Source data.
┄┄┄┄┄┄

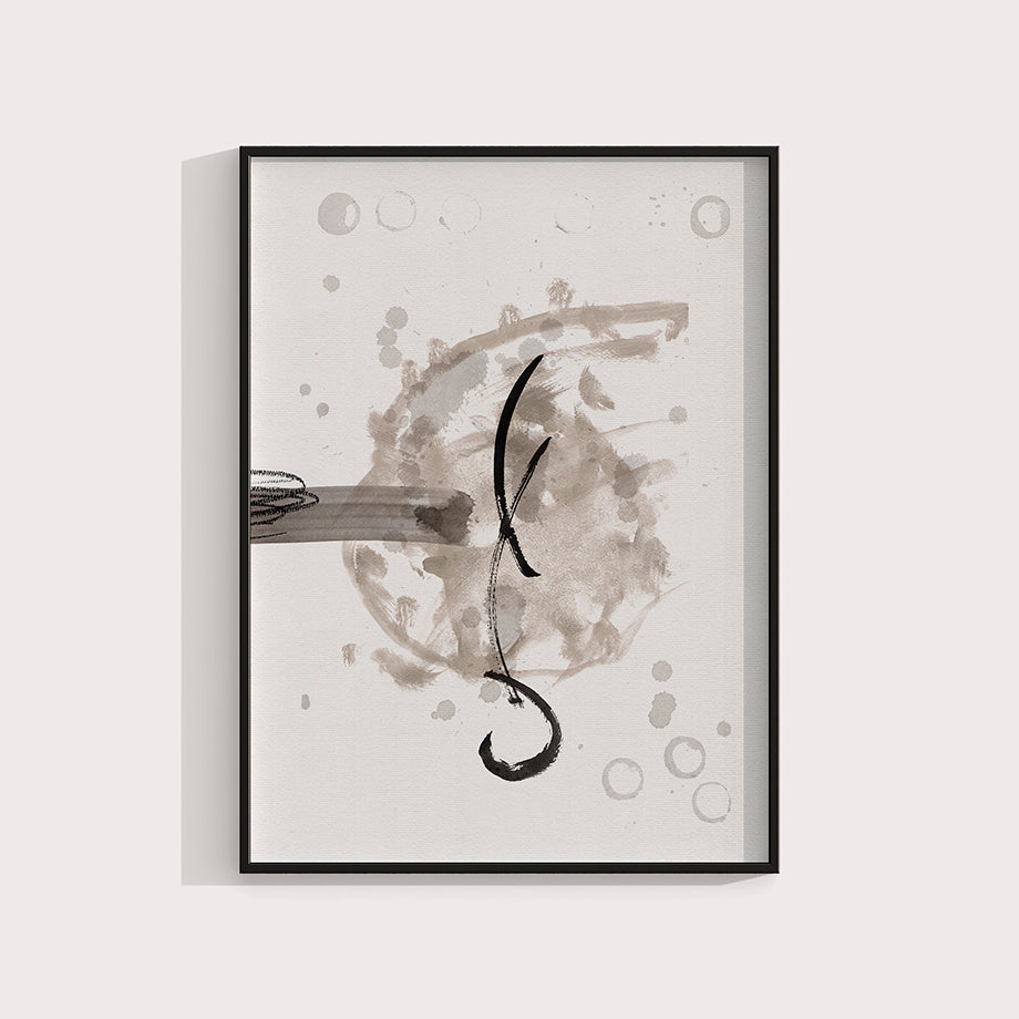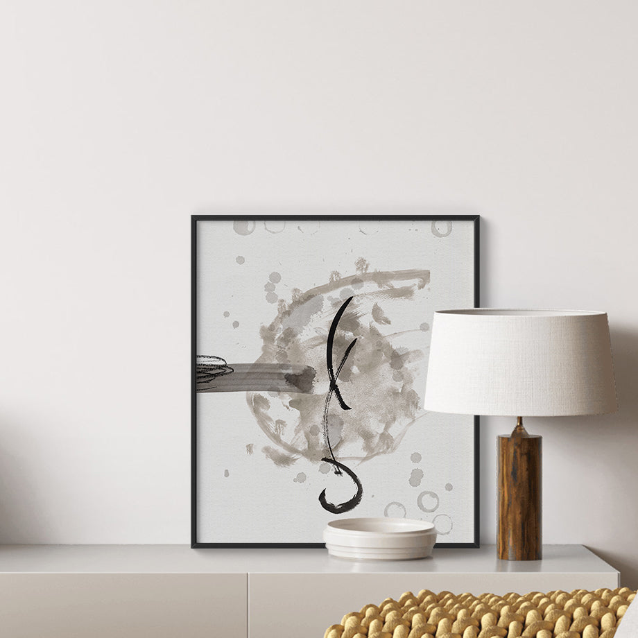 Este cuadro minimalista es una pieza de arte moderno que destaca por su simplicidad y elegancia. Texturas en acuarela y tinta china de tonos de negro y gris sobre un fondo blanco, creando un contraste llamativo y dinámico.
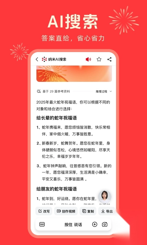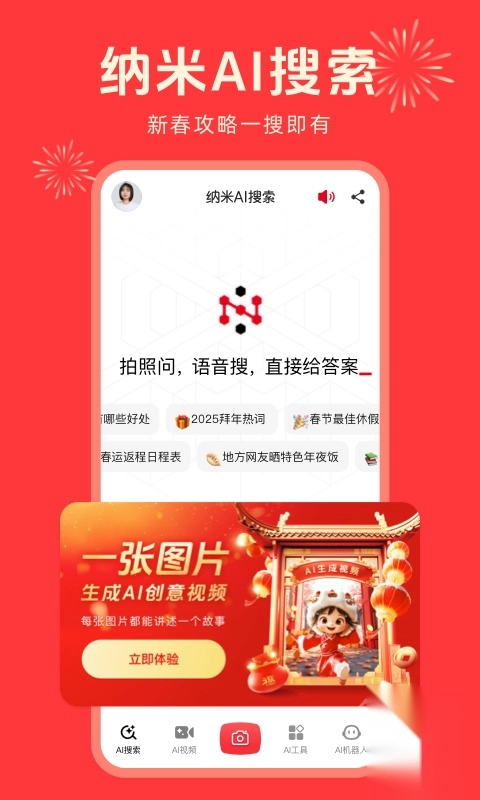 纳米AI搜索为用户提供从简洁到深入的全方位解答方案,助力用户解决识人、识物、解题、旅游攻略等各类问题。
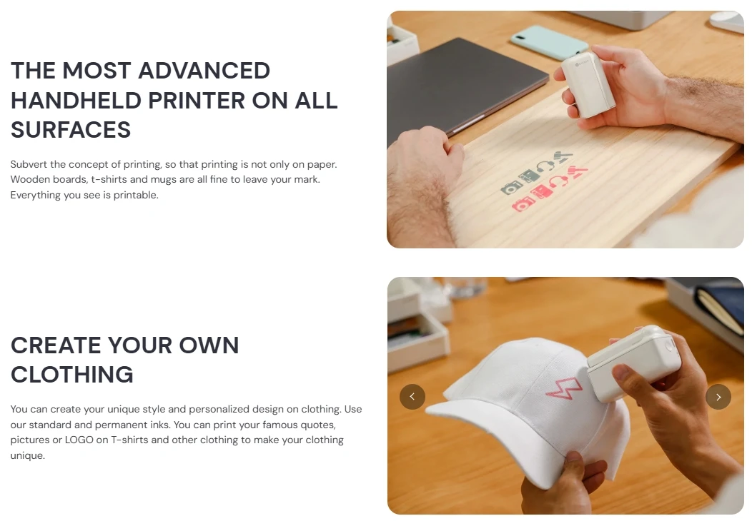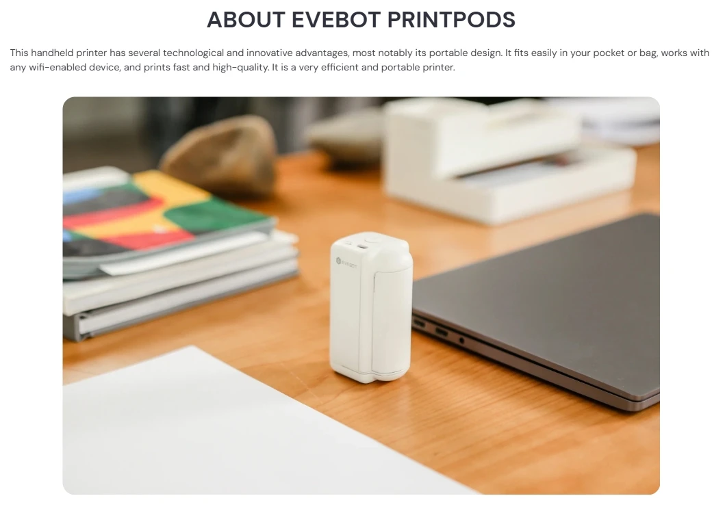 EVEBOT Mini handheld printpods key features The Most Advanced Handheld Printer on All Surfaces.Subvert the concept of printing, so that printing is not only on paper. Wooden boards, t-shirts and mugs are all fine to leave your mark. Everything you see is printable.
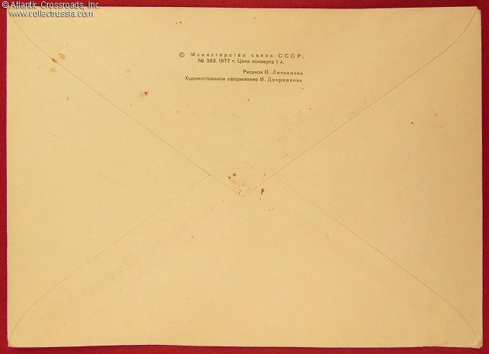 The size is 6 ¼" x 4 ½", published by the Ministry of Communications of the USSR, circulation unknown. The obverse features a large special-issue postal stamp showing the emblem of the Olympic Equestrian Sports competition, canceled with the First Day stamp issued by the Moscow Post Office and dated 22 September 1977. The artwork on the left side of the obverse is identical to the graphics of the stamp.
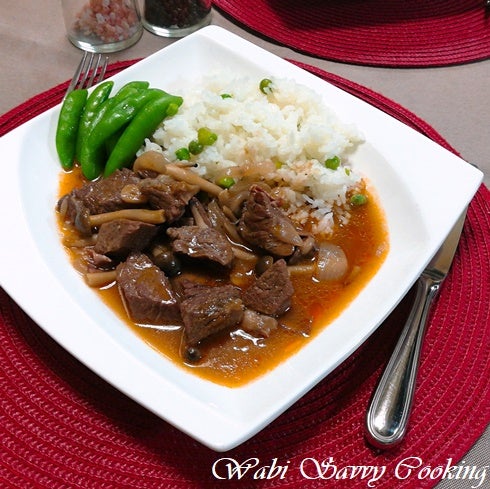 硬い肉を赤ワインでやわらかく!~ブフブルギニョン with 豆ごはん~和美Savvy Cooking。
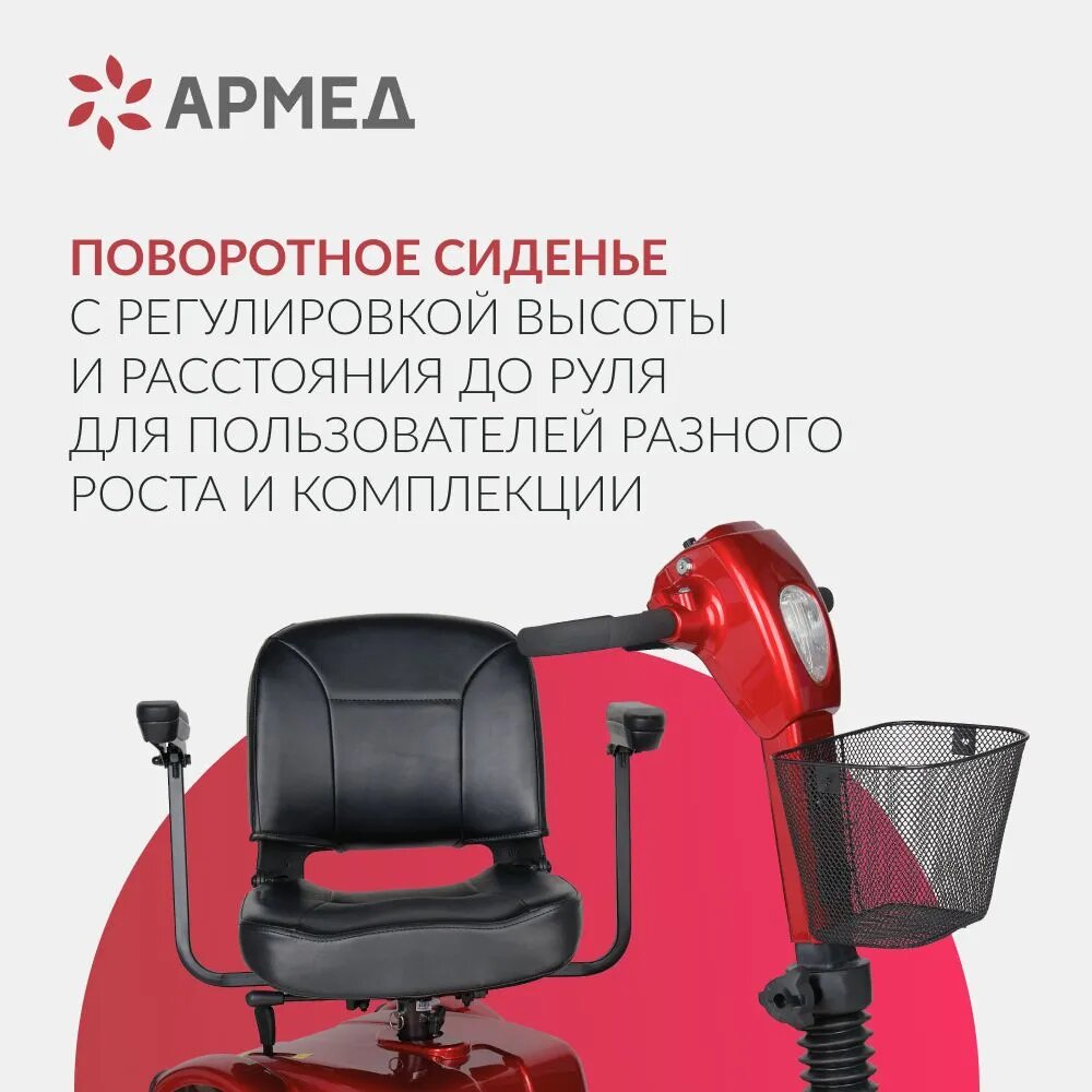 Скутер Армед JRWD801 для пожилых людей и инвалидов (кресло 42см, коляска 4х колесная, электрический привод, прогулочная) интересное:

┄┄┄┄┄┄

Task directions. Your reply should contain only an exact copy of the lines from the beginning of the material through the line with "纳米AI搜索为用户提供从简洁", both ends included, with the pictures removed.

Answer to the exercise.
 Este cuadro minimalista es una pieza de arte moderno que destaca por su simplicidad y elegancia. Texturas en acuarela y tinta china de tonos de negro y gris sobre un fondo blanco, creando un contraste llamativo y dinámico.
 纳米AI搜索为用户提供从简洁到深入的全方位解答方案,助力用户解决识人、识物、解题、旅游攻略等各类问题。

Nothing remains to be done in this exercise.